Comme pour les messages contraignants, je ne suis pas allée très loin dans cette thématique. Je me suis contentée de dire si selon moi ces besoins étaient assouvis chez mes personnages. Je ne l'ai fait que pour deux des quatre personnages qui ont une fiche, car pour le moment je ne sais pas trop si ça me servira vraiment ni si c'est très utile pour des personnages qui sont plus secondaires que principaux.

Je me suis aussi intéressée à cinq "sentiments". Les mensonges que l'on se fait à soi-même, les attachements terrestres (remplis pour aucun personnage), la culpabilité, la honte, et le chagrin. Toutes ces entrées ne sont pas remplies pour chacun de mes personnages car j'ai eu un peu de mal à décider. Mais je trouve qu'elles peuvent aider à cerner un personnage. Par exemple, l'une des miens a pour chagrin le départ d'un oiseau qu'elle avait sauvé et qu'elle aurait bien voulu garder quand elle était enfant. Ça peut paraître idiot et futile, et ça ne sera sans doute jamais mentionné dans le récit, mais je trouve que ça donne une information sur sa sensibilité.

Pour moi, le profil psychologique est la chose la plus importante chez un personnage.
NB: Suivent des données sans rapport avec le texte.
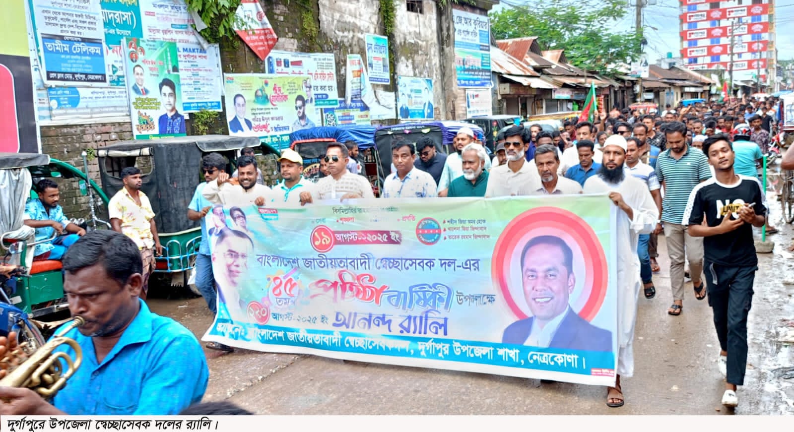 দুর্গাপুর (নেত্রকোনা) প্রতিনিধি : নেত্রকোনার দুর্গাপুরে নানা আয়োজনে বাংলাদেশ জাতীয়তাবাদী স্বেচ্ছাসেবক দলের প্রতিষ্ঠাবার্ষিকী পালিত হয়েছে। উপজেলা স্বেচ্ছাসেবকদলের আয়োজনে বুধবার (২০ আগস্ট) দুপুরে বর্নাঢ্য র্যালি ও আলোচনা সভার মধ্যদিয়ে এ প্রতিষ্ঠাবার্ষিকী পালিত হয়।

Ce n'est pas seulement lui donner corps, lui désigner des valeurs, lui attribuer des chagrins ou des messages contraignants, ou des pensées limitantes, et pouvoir le manipuler à sa guise avec réalisme ou même le faire réagir différemment des autres personnages. C'est surtout que ça permet de montrer qu'il n'y a pas de "méchants" et de "gentils", de "bons" et de "mauvais". Qu'il y a juste des gens avec des bons et des mauvais côtés, qui réagissent selon ce qui est important pour eux. C'est d'autant plus fondamental pour moi de parvenir à faire ressortir ça que c'est tout le fond de mon histoire. Je voudrais pouvoir montrer qu'il n'y a ni "bien" ni "mal", qu'il n'y a pas de personnages qui ont agit correctement ou non ; ceux qui avaient raison et ceux qui avaient tors ; mais simplement des personnages qui ont ait en conscience, selon ce qu'ils pensaient être le mieux.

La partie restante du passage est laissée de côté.